Who uses payday loans?

Around half a million people use payday loans. Research conducted last year (Caught Short Report) found that more than 78 per cent of people using payday loans were also receiving Centrelink benefits.

Most people were not borrowing to cover outlandish expenses. Most were borrowing around $1,000 to cover basic bills, food and rent. The loan was an everyday coping mechanism used to cover basic living costs rather than a one-off event to cover an indulgence (such as a concert ticket) or unexpected cost.

Of equal concern, is that almost half of people using payday loans immediately took out another loan once their current loan was repaid.

It’s easy to see how a low value, high cost loan could contribute to a cycle of debt among people who are not financially equipped to repay money.

Fees: Where it starts to add up

Upfront fees Some lenders charge a cost to borrow. In some instances, for the first loan this fee is one cent. But for most, it’s around $100 per loan, regardless of how much is borrowed. If you need $100, then the fee is still $100.

Interest fees Other lenders charge interest on the amount borrowed and the repayment date. Interest rates tend to be high. There is no cap on how high the interest rate will be.

Currently, most interest rates are close to 30 per cent, but they can go much higher. Basically, whatever the lender wants to charge, they can, except in NSW the interest rates and fees for a payday loan are capped at 48 per cent.

When fees and establishment costs are tallied up, there have been reports of payday loans charging the equivalent of 400 per cent interest.

Missed repayment fees If a customer cannot repay the loan in full by the due date, then fees kick in. Big fees.

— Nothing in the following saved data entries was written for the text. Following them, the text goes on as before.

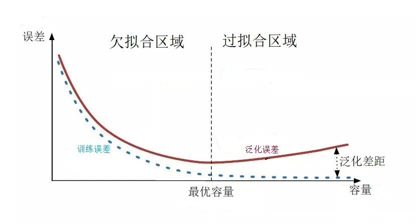 训练刚开始的时候,模型还在学习过程中,处于欠拟合区域。随着训练的进行,训练误差和泛化误差都下降。在到达一个临界点之后,训练集的误差下降,测试集的误差上升了,这个时候就进入了过拟合区域——由于训练出来的模型过度拟合了训练集,对训练集以外的数据却不能准确预测。
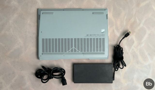 O painel de E/S traseiro do Legion 5i Pro inclui duas portas 3.2 Gen 1 USB-A (uma das quais está sempre ligada), uma porta 3.2 Gen 2 USB-C ( para dados, carregamento PD de 135W e DP 1.4), uma porta HDMI (até 8K 60Hz) junto com a porta de entrada para o enorme carregador de 300W.
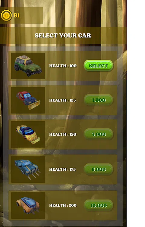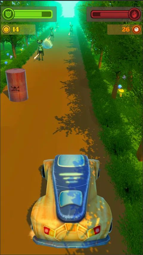 避开你面前的障碍物,粉碎所有挡在森林小路上的僵尸。粉碎僵尸时赚钱。您可以用赚到的钱购买新车。不要忘记在途中购买修理包和汽油
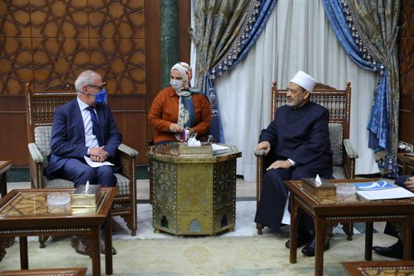 استقبل فضيلة الإمام الأكبر الدكتور أحمد الطيب، شيخ الأزهر الشريف، اليوم الأربعاء بمقر مشيخة الأزهر، لوران دي بوك، رئيس بعثة المنظمة الدولية للهجرة في مصر، لمناقشة سبل المشاركة في التحضير للمنتدى الدولي للهجرة والدين، والتعاون المشترك لدعم اللاجئين والمهاجرين وتعزيز قيم التسامح والأخوة والتعايش.
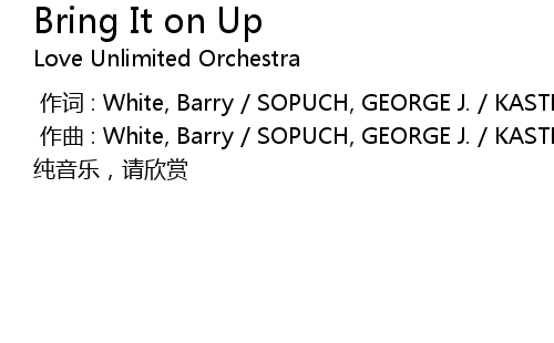 | [00:01.000] | zuo qu : White, Barry SOPUCH, GEORGE J. KASTNER, ANDREW DAVID |
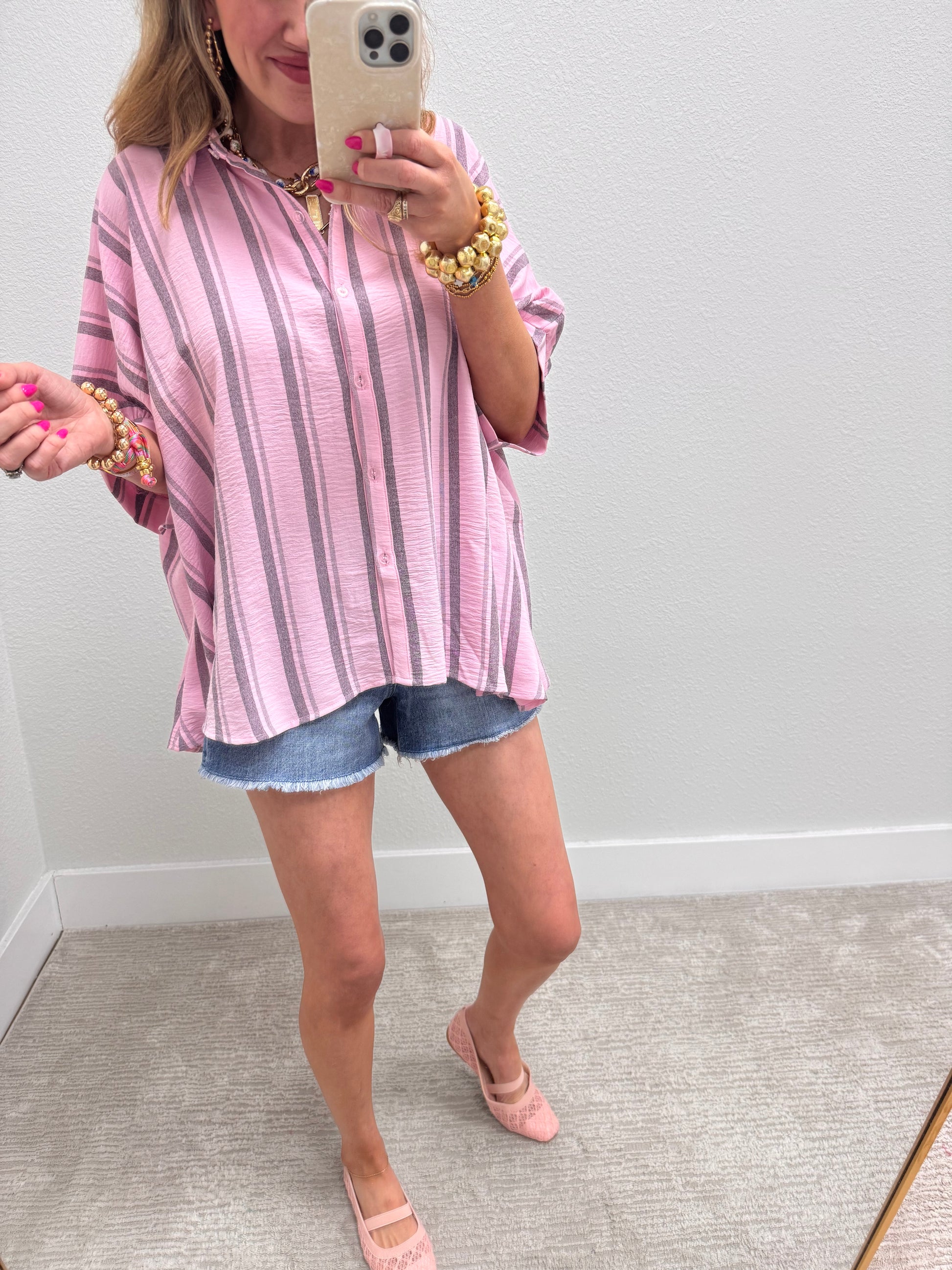 Pink Grey Woven Stripe Oversized Button Down Shirt

Most payday lenders also take repayments via direct debit from the account where the loan was paid. So, if that account has insufficient funds, bank fees may also apply.

An example of costs for a loan that is one week late:

Original loan $600
Cost to borrow $100
Missed payment fee $35
Reschedule payment fee $35
 $7 per day once payment missed $49
Total $819

If the borrower did not have the initial $600 required to get by, where are they going to get the additional $219 to repay the loan? It sounds remarkably like being stuck in financial quicksand.

Industry regulation

There is endless discussion occurring within both the federal and state governments about providing standardised regulation across the industry.

Reforms are being called for from the community and charity groups that often find people in dire financial situations who are using payday loans to survive.

Proposed regulations include:

  • capping of interest and fees charged by payday lenders at a national level
  • simplifying the procedure for people to obtain a financial hardship variations for the repayment of loans.

Currently, a working paper has been released and feedback gathered. It’s yet to make headline news or invoke action by those within our political parties.

“A cap on the costs that can be charged is the best way to protect payday loan borrowers,” said Catriona Lowe, Co-CEO of The Consumer Action Law Centre, a consumer based lobby group that is championing for industry reform.

“However, the proposed reforms bill from April, 2012, places profits before people. The bill currently states that lenders can charge 20 per cent of the total loan as establishment fees. This is an addition to a monthly fee of four per cent. This is exactly what Cash Converters, Australia’s largest payday lender proposed to the parliamentary Joint Committee last year.”

Where to from here?

Consumer advocacy groups are continuing to lobby the government to make more robust caps on payday loans to protect consumers.

ASIC is also monitoring the activity of payday lenders. Just last week, one payday lender was forced to change the way it advertised the interest rates and repayment structure on its website.

“If advertisements refer to loan repayment amounts, interest rate disclosure is required,” said ASIC Commissioner Peter Kell about the case.

The payday lender involved made the appropriate changes to their advertising. However, the larger situation remains, an unregulated industry that has a customer base that is largely disadvantaged customers.